Let us understand the important tips before buying a good term insurance plan and what mistakes to avoid:
Premium & Death Benefit
Awareness about having a good term insurance plan has increased manifold, but still there are many who keep worrying about the return on a term plan.
As you know, a term plan offers you a cover in case of death but in case if a person survives the entire duration of a term plan then there is nothing which will be paid in return and the said term policy will get terminated on maturity.
Though there are options which offers you “Return of Premiums” in case a person survives the maturity but it comes at an additional premium and practically it doesn’t make sense to go for this option because if you look at the time value of money i.e. return of the premiums paid till maturity, then the math does not add up to provide you the benefit.
The additional cost you pay for this option can be invested elsewhere to optmise the overall returns, so always go for a pure vanilla term plan without a return of premium option.
When is the right time to buy a term plan & how much cover is needed?
Well, the right time to buy a term plan is when you have someone depending on you financially like your parents or a sibling and the second-best time is today.
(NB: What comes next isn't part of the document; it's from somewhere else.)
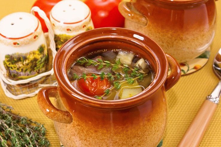 سيتم طهي الحساء اللذيذ والشهي في المنزل مع لحم الغنم. لحم الضأن يمكن استبدالها بلحوم البقر ولحم الخنزير والباذنجان مع الكوسة.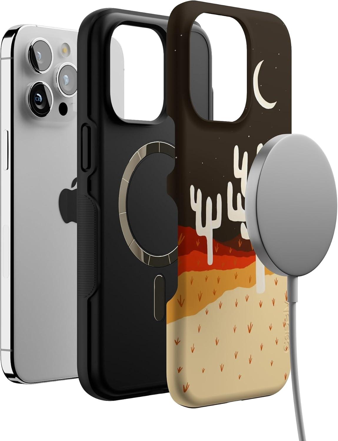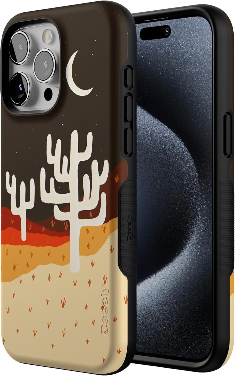Casely iPhone 15 Pro Max Case | Twilight Flora | Moody Monochrome | Bold Protective Design | Compatible with MagSafe(Desert Nights | Cactus Colorblock)

Likewise, with the increase in your liabilities and dependents like getting married, having kids or going for a home loan etc. requires you to suitably increase your cover at every stage of your life.
The amount of life cover can be worked out either by using the complex calculations or by following a simple thumb rule of buying a cover equivalent to ten times of your yearly income.
But what I have observed over the years is the fact that people end up investing lot of time in deciding the right amount than actually buying it or taking care of the other important factors. Yes, one should always be careful and need to do due diligence before buying a term plan but one should not invest too much time in planning. For example, say Sanjay, who earns anywhere between Rs. 10 lakh and Rs. 20 lakh, follows a due diligent process and buys a right cover. But if Sanjay spends most of his time in deciding than actual buying, he may be a victim of paralysis by analysis leading to any emergency which may happen during that time where he doesn’t have a cover or the cover was insufficient.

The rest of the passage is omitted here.